E aqui mais uma vez, a cidade de Salvador tem se destacado na criação de alguns pratos aos quais prefiro me referir como soluções curiosas da cozinha de azeite.
Abará com siri
Depois do embutido de marisco, da feijoada de frutos do mar em São Caetano, do abaralhau em Nazarè, do acarajé de um quilo na Liberdade, no Jardim das Margaridas, bairro bem pertinho ao Aeroporto, num depósito de bebidas, um neto de uma baiana de acarajé inseriu como ingrediente do abará, a moqueca de siri. Esta criação esta fazendo tanto sucesso que o abará com siri já se tornou a principal atração do bairro nos finais de semana.
Para Emanuel Posaite, contar a história do abará lhe permite rememorar a história de sua avó, uma baiana de acarajé que teria encantado um piloto inglês em suas passagens pela cidade de Salvador.

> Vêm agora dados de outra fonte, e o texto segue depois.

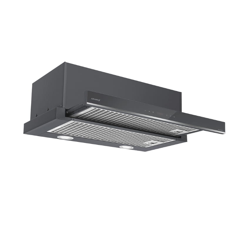 Máy hút mùi Grand X GX H70F58G được thiết kế dạng âm tủ kéo rút (Telescopic), giúp che giấu toàn bộ thân máy trong tủ bếp, mang lại tổng thể gọn gàng, hiện đại. Phần kính trước vát cạnh Beveled Edge tăng tính thẩm mỹ và cảm giác cao cấp cho không gian bếp. Thân máy sơn tĩnh điện xám chống bám bẩn, chống dầu mỡ, giữ màu sắc bền đẹp theo thời gian.

Filho mais novo, dos oito irmãos, Posaite, como é chamado, ajudava o pai na produção de uma das mais famosas iguarias baianas, desta maneira, assim que ele pode, criou a sua, já batizada com o nome de abará posaite.
Diferente dos comercializados na cidade e já encontrados no Pelourinho ou no bairro do Imbui com vários sabores, dentre eles, o sururu, este é recheado com camarão ou bacalhau e acompanha um molho cremoso que Emmanuel não passa a receita.
Patrimônio
Estas e outras são parte do patrimônio gastronômico de nossa cidade, mantido vivo graças à criatividade e prestígio destes homens e mulheres, que na sua grande maioria, outrora foram meninos e meninas de tabuleiro que iam e viam trocando dinheiro e a água manchada de azeite que se acumulava no recipiente onde a baiana mergulhava a colher para modelar os bolinhos.
Hoje esta pessoas, herdeiras e herdeiros de doceiras, cozinheiras, quituteiras, mantém vivas, sobretudo, mulheres que já foram chamadas de " fadas do dendê", porque antes de tudo foram tocadas por elas e assim seguem nos contagiando com suas criações.